Только тут Глеб увидел, что одна рука у него не в порядке и полушубок прострелен, и понял, за что прощались Гулаеву многие проступки, то грубость, то недосмотр, он понял, куда и зачем тот едет, и от всей души пожелал ему сил и удачи на оставшиеся 100 километров пути.

– А может, подождешь немного? Отдохнешь? – спросил Глеб у него.

– Нет, брат, – отвечал Гулаев, – такая наша работа – отдыхать не положено, пока пакет не сдал.

И пока Глеб стоял и смотрел вдаль, он заметил, что по южным склонам, несмотря на только что прошедшие снегопады, вышли из-под снега скалы и части склонов и не было уже цельности в снежном покрове, а были прорывы и дыры в этом еще недавно прочном белом плаще. На северном и восточном склонах все было по-прежнему, и по-прежнему жестоки были зимние морозы по ночам, но все выше поднималось солнце, все раньше оно вставало и позже садилось, отчего на южных склонах чуть-чуть начало подъедать снег.

И Глебу вдруг представились зеленые склоны холмов под Ташкентом, где уже сплошной зеленой волной вышли веселые мятлики, крошечные крестоцветные, маленькие осочки, среди которых, как вспышки, пламенели тюльпаны. Он отмахнулся и потряс головой – все это далеко и об этом не нужно думать сейчас. Нужно думать о том, чтобы провести полный комплекс работ, чтобы эта зима не прошла зря. И сейчас же подумал: «Где ты, мой красавец, где ты, мой Зор-кульджа. Нужно выручить тебя, для тебя трудное время». Потом Глеб вошел в землянку и вскрыл письмо.

«… Неужели, я не верю этому, что ты живешь с ней в одной комнате, я требую, чтобы ты это немедленно прекратил или считай наши отношения порванными.
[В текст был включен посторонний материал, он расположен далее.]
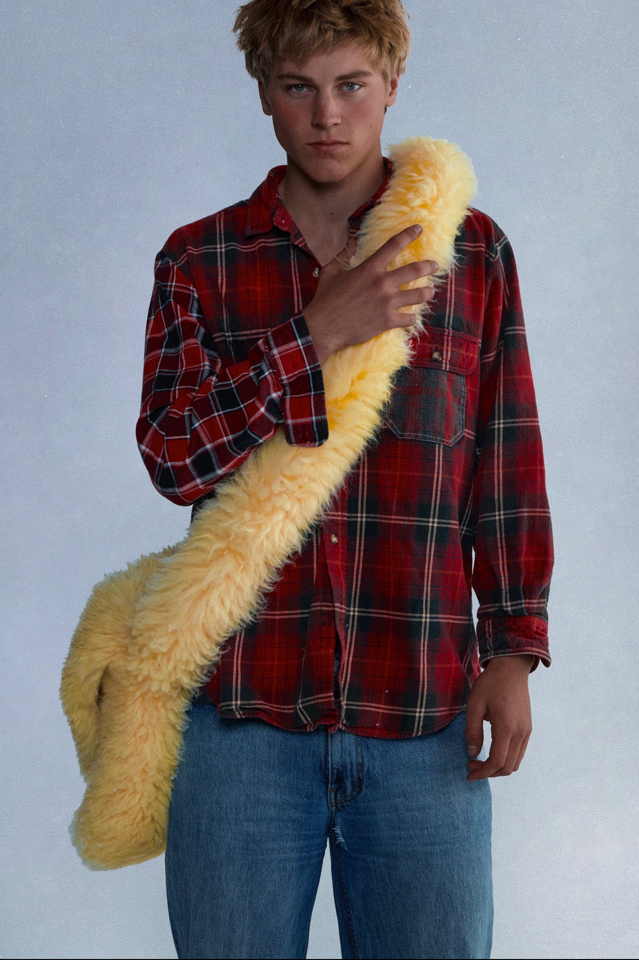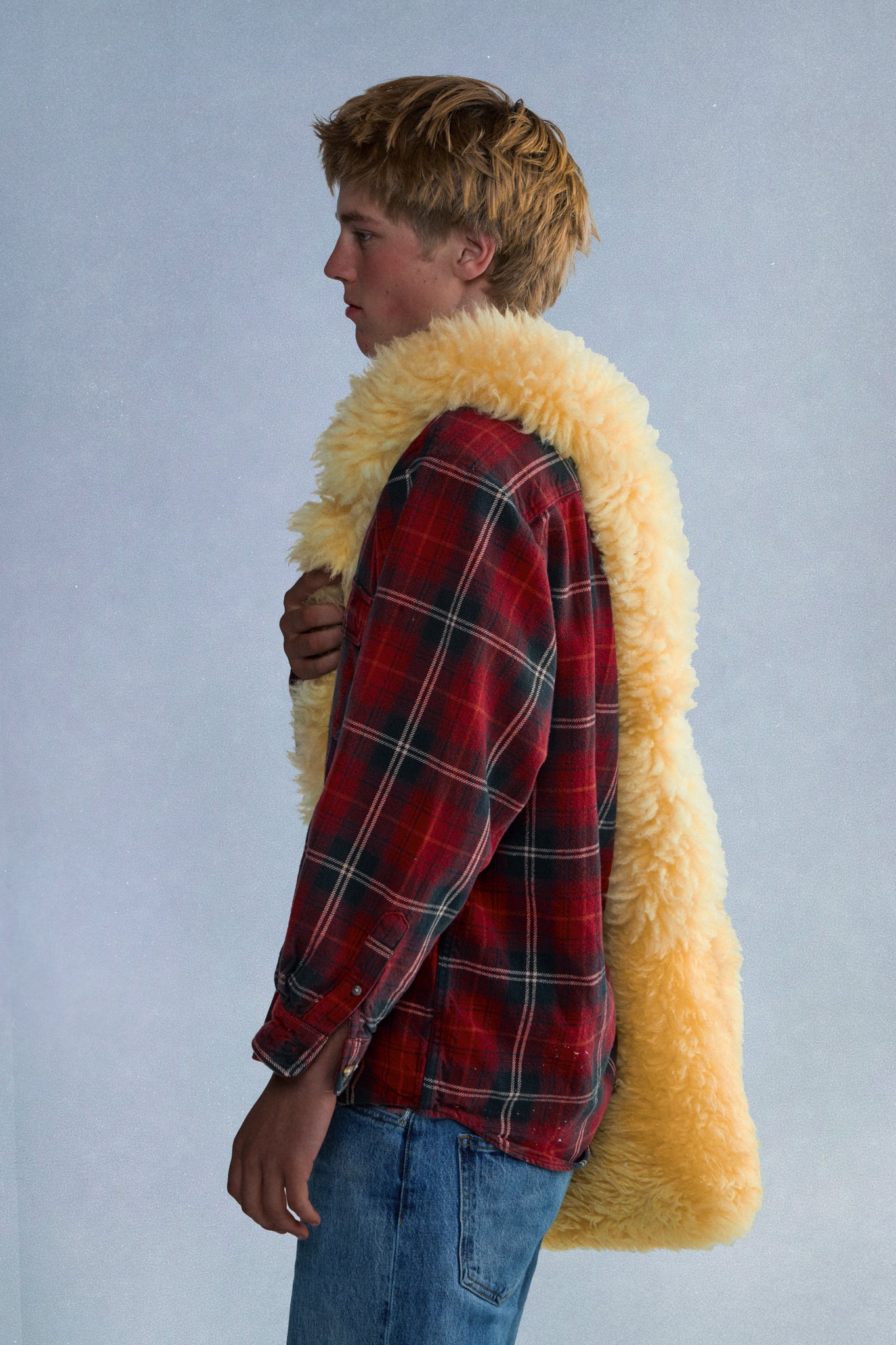 KAI IS 6' 1" wearing the shearling messenger bag.
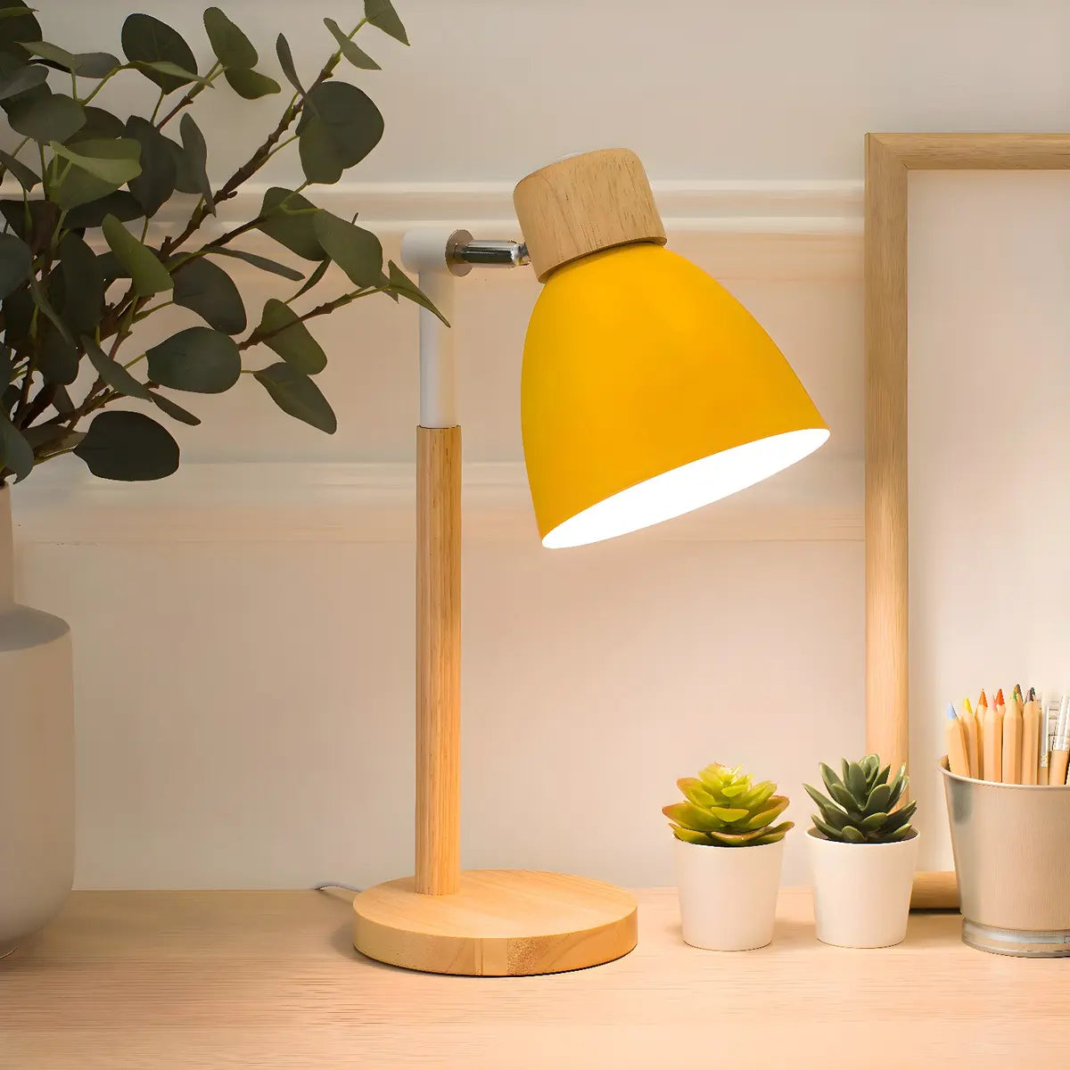 ZOWALA - Macaron Yellow Aluminum Bell Wood Table Lamp

За мной тут многие ухаживают, – писала она, – но я знаю, что ты у меня есть, а ты, видимо, забыл обо всем, и все мои письма бесполезны. Если это так, давай прекратим переписку…»

* * *

Да, эти дни были трудными для многих. Темирбек по-прежнему делал Вере свои неуместные замечания. Она обижалась и плакала. Глеб злился, был груб. А где-то недалеко по нижней части склонов металось стадо кульджей. Сверху их согнали глубокие снега, там на северных склонах уже нельзя было докопаться до корма, снег был слишком глубок. Там, наверху, были так предательски глубоки скопления рыхлого снега по оврагам, что архары неизбежно бы завязли, если бы им пришлось уходить от погони.

Они спустились вниз на нижнюю часть склонов, но здесь их открытое или, вернее, малозакрытое снегом пастбище было не велико, они не могли на нем маневрировать так, как на верхнем плато. Кроме того, тут была теснота: согнанные снегопадами вниз, на нижнюю часть склонов, спустились и козлы, и архары, и здесь же человек пас свои стада. И самое опасное – появился наст. Весь снег под влиянием весенних лучей солнца днем подтаивал с поверхности, а ночью покрывался коркой, и бегство в ночное время по этой корке, сквозь которую проваливались копыта, но на которой держались мягкие лапы, означало гибель для копытных и праздник для хищных.